Mining and Heavy Industries

Iron ore makes historic bounce, but will it last?

Analysts are doubting the long-term significance of a 19% rise in the price of iron ore on Monday, which boosted Australia’s iron ore majors on the stock exchange.

The spot price for 62% Fe benchmark iron ore surged to US$63.74 per tonne on Monday, March 8, its highest point since June 2015, and the highest single-day percentage rise on record.

The price leap was triggered by Chinese policymakers, who indicated an improved economic growth outlook, resulting in increased steel consumption forecasts.

Chinese analyst Zhao Chaoyue, quoted by Bloomberg, said the news had driven the local market into a frenzy.
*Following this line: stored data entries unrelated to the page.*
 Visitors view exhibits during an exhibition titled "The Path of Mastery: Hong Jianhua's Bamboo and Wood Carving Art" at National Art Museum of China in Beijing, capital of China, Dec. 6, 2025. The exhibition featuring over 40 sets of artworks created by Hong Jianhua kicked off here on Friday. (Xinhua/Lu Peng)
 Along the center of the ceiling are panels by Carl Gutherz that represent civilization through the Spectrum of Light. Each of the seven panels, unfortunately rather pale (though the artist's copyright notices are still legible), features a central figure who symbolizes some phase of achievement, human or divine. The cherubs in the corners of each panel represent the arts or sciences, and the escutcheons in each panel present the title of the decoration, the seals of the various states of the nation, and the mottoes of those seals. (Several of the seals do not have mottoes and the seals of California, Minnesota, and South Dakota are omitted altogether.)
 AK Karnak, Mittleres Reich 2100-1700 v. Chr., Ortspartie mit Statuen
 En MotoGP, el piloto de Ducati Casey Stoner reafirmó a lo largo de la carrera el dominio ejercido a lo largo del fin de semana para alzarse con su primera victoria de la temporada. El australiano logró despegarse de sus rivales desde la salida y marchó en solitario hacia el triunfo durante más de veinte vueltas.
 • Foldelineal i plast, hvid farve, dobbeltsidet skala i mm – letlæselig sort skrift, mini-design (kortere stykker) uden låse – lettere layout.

“The iron ore and steel markets have gone berserk,” Chaoyue was quoted as saying. “They’ve departed from fundamentals and are heavily driven by sentiment.
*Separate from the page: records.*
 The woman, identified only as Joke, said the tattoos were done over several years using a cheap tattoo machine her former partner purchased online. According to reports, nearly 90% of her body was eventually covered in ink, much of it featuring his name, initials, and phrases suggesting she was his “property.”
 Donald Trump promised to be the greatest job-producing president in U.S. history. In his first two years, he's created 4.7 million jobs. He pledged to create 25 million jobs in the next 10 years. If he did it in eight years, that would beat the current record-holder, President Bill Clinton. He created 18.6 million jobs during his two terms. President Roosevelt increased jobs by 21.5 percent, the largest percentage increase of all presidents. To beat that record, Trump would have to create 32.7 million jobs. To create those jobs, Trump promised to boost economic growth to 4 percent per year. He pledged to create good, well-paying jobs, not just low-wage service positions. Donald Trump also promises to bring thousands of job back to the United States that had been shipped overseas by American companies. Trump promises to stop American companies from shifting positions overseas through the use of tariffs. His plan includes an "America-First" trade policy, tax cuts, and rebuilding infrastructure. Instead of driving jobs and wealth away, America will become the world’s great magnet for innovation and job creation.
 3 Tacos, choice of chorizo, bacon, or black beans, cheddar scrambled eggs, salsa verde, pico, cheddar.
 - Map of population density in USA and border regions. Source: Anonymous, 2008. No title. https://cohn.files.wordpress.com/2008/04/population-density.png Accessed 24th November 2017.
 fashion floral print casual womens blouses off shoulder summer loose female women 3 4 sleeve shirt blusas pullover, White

“Investors are expecting further monetary easing by the Chinese government to boost steel demand.”

Monday’s price surge led to share bounces for Australia’s trio of major iron ore miners: BHP Billiton (up 4.9% on prior close to $18.55), Rio Tinto (up 3.5% to $46.47) and Fortescue Metals Group (up 23.7% to $3.08).

All three majors encountered minor downward adjustments on Tuesday, but remained above their Friday close by the end of trading. The adjustment was driven by a small downtick in the iron ore price, of 11c to US$63.63.
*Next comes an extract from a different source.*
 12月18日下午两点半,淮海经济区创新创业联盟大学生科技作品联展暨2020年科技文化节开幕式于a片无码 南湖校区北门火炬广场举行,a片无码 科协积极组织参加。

After Monday’s growth, a mere 11c downturn on Tuesday served to assuage some concerns over the sustainability of the price bounce.

But several analysts are indicating the price will continue to decline in the long term.

“We expect the current rally to be short-lived,” a pair of Goldman Sachs analysts said in a note, quoted this week by Bloomberg.

UBS commodity analyst Tom Price reportedly told the ABC that the price spike was “a bit surreal, even for the most bullish [analyst]”.

“Twenty per cent equals record high equals not normal,” Price was quoted as saying.

Another UBS analyst, Daniel Morgan, was quoted by ABC: “The latest couple of months reflect minimal demand pick-up due to slow infrastructure build.

“Government pronouncements of mill shutdowns for capacity rationing and pollution reduction have boosted steel price sentiment, but if enacted, will reduce iron ore demand.”